Abstract

Collecting detailed surveys of the physical and biological heterogeneity in the epi and mesopelagic ocean is critical to describe the ecosystems within these vast and three-dimensional habitats. Common ocean sampling platforms (e.g., net systems, moored and shipboard sensors) are often unable to resolve marine biota at scales comparable to the variability existing in their physical environment. We have integrated a dual-frequency split-beam echosounder (Simrad EK80 with 70 and 200 kHz transducers) into the Wire Flyer profiling vehicle to achieve concurrent hydrographic and acoustic sections in environments between 0 and 1000 m. The Wire Flyer provides high-resolution repeat profiling (0–2.5 m/s vertical velocity, ∼1 km horizontal repeats) within specified water column depth bands typically spanning 300–400 m. This system can provide acoustic backscatter data at depths unavailable to shipboard surveys and can be operated in tandem with shipboard echosounders to provide overlapping acoustic coverage with concurrent hydrographic sections near the surface.

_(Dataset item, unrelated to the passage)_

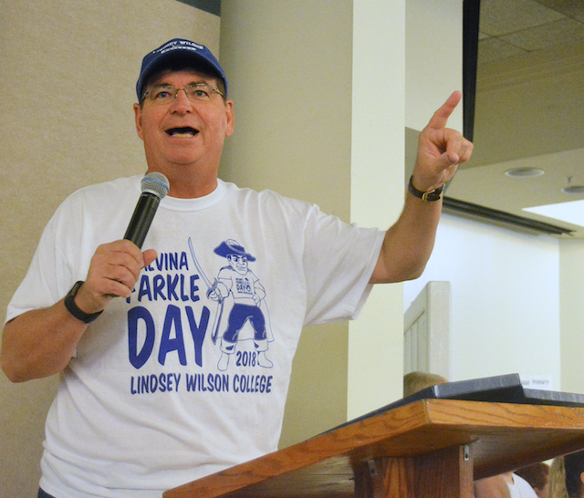 Lindsey Wilson College Gives Day of Service To Community Lindsey Wilson College staff member Alaina Phelps got to see Malvina Farkle Day from a different perspective. For the last four years, Phelps had been involved with LWC's annual day of service as a student. But as the college's new Bonner Program coordinator, she saw the event from another perspective when it was held on Wednesday. "It's an excitement, eagerness, and a joy to serve like I've never felt before," said Phelps. "As a new member of the college staff, I had more to manage because I was leading a project, but the feeling I got was still just the same as when I was a student." Malvina Farkle Day is an annual day of community service at LWC. Classes are canceled and offices are closed so students, faculty and staff can participate in community-service projects. The day is named in memory of a mythical and legendary Lindsey Wilson alumna and staff member who was known for her community spirit and practical jokes. "I think Malvina Farkle Day is important to the community because so many of our community members support Lindsey Wilson and a lot of our community is in need of assistance," said Phelps. "We take pride in our home away from home and Malvina Farkle Day is a way to show the pride we have for this town and our school." This year's Malvina Farkle Day community-service projects included more than four dozen sites in Columbia-Adair County. "Malvina Farkle Day is a day when we take a timeout and remind ourselves that it is not just about us," LWC President William T. Luckey Jr. told students, faculty and staff in Roberta D. Cranmer Dining & Conference Center shortly before canceling classes for the day. "We are like a small city on top of a hill and we have an opportunity to impact this community in an incredible way." And Luckey said that this day of service is an important part of Lindsey Wilson's identity. "This day represents an important part of what we do at this college -- community service and trying to go out and make a difference in the world," said Luckey. Nursing freshman Kayla Young from Campbellsville, Ky., volunteered at the Adair County Primary Center washing windows with the LWC volleyball team. "I had heard about Malvina Farkle Day from my friends in Bonner and on the volleyball team," Young said. "Besides having to wake up really early, I had a great time and I can't wait until next year." Phelps, who served as a Bonner Scholar during her time as a student, says one of the long-term benefits of Malvina Farkle Day is that it helps new students integrate into college life and learn more about Columbia and Adair County. • "Not only do we complete service projects on our campus, but for all the students who get up and serve, no matter how dreadful it is to wake up that early, they bond," said Phelps. "It's an eye-opening, bonding experience to serve in the community that is now your home. It's like seeing a new side of where you live. Malvina Farkle Day creates a community while serving others, and it's beautiful." This story was posted on 2018-09-12 19:30:45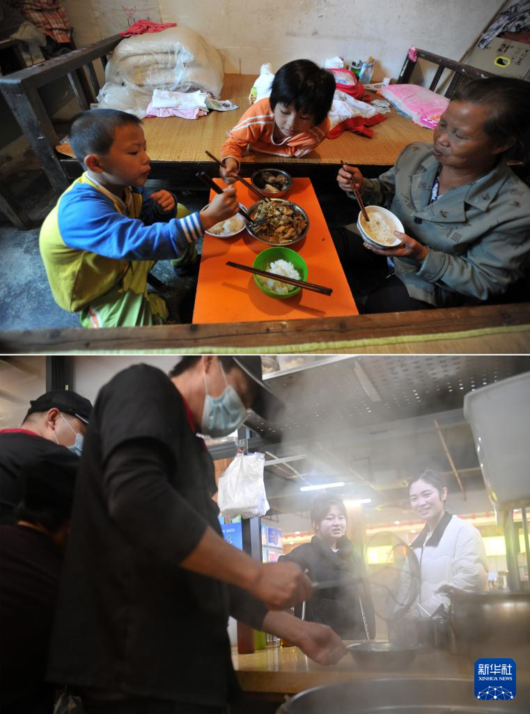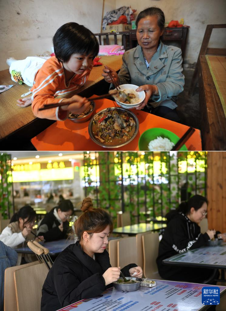 这是一张拼版照片,上图为:在广西灵川县灵川镇的三叉尾小学,董倩在宿舍和奶奶一起吃午饭(2012年9月13日摄)。下图为:在广西桂林师范高等专科学校,董倩(前)在食堂用餐(2024年3月13日摄)。

The side-looking transducer orientation samples orthogonal to the vehicle's profiling survey path provide a direct measurement of horizontal heterogeneity. The collected data have proven the system’s capacity to resolve migrating layers, biological patches, and single targets in the horizontal, rising gas plumes, and scattering layer distributions tightly coupled to submesoscale environmental features.